● **TASK OBJECTIVE**: Only the lines below from the one that holds "century. .)Anonymous Anonymous |" through the one that holds "food, and grease." should appear in the answer, copied exactly, end lines included and pictures omitted.

● **THE DATA**:
· · · · ·
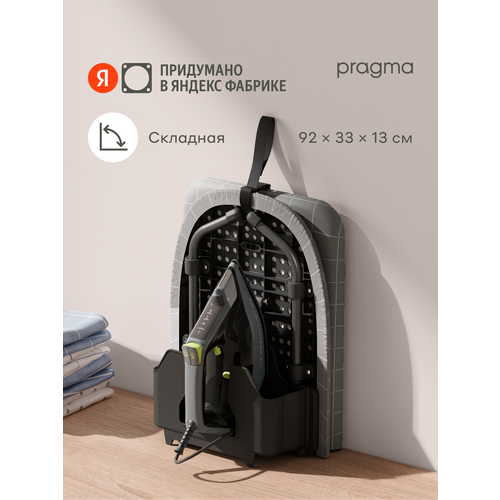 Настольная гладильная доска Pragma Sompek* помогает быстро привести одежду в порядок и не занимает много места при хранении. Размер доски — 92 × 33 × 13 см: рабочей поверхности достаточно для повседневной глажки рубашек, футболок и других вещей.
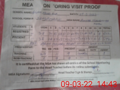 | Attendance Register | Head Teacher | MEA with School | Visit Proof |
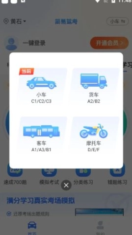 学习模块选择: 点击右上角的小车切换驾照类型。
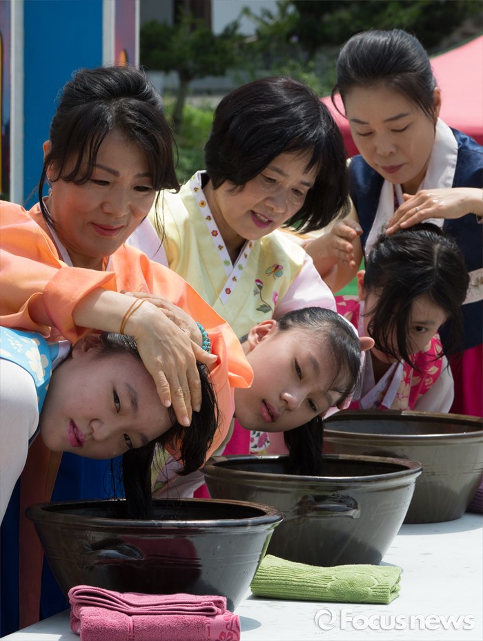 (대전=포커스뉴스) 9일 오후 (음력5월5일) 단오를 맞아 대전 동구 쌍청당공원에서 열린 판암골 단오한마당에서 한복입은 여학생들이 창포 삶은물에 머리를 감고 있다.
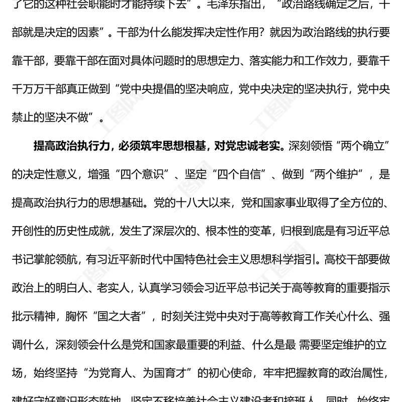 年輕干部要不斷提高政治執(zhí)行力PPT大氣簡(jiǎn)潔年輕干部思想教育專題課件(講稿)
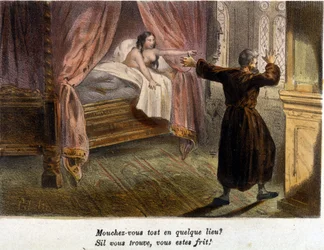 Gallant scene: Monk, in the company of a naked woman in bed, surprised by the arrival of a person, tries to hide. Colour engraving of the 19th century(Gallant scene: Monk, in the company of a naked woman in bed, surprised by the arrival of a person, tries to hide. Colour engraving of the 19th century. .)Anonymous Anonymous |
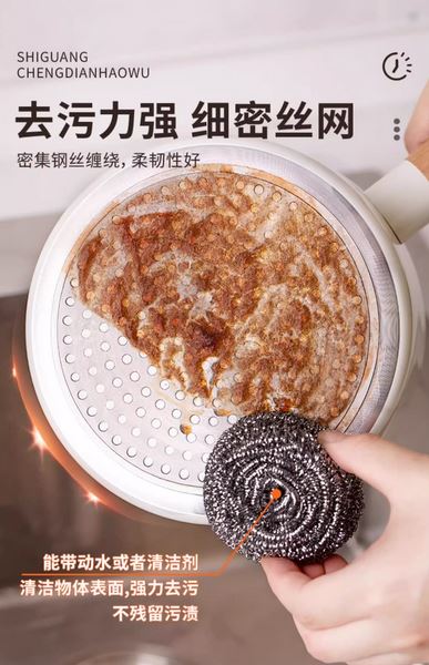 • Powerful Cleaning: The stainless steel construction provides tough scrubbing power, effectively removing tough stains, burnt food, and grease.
· · · · ·
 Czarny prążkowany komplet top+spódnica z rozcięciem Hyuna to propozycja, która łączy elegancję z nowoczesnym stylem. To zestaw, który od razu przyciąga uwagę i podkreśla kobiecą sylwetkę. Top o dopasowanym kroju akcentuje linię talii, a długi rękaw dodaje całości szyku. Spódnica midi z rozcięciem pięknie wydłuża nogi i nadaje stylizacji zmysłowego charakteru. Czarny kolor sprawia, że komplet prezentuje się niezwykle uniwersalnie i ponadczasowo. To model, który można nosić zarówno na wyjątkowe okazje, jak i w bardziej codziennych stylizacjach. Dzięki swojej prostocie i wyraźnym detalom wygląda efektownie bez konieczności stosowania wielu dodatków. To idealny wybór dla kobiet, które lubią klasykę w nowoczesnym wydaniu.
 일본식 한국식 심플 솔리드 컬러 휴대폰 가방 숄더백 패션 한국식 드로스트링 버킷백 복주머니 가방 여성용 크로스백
· · · · ·
● **EXERCISE RESPONSE**:
 Gallant scene: Monk, in the company of a naked woman in bed, surprised by the arrival of a person, tries to hide. Colour engraving of the 19th century(Gallant scene: Monk, in the company of a naked woman in bed, surprised by the arrival of a person, tries to hide. Colour engraving of the 19th century. .)Anonymous Anonymous |
 • Powerful Cleaning: The stainless steel construction provides tough scrubbing power, effectively removing tough stains, burnt food, and grease.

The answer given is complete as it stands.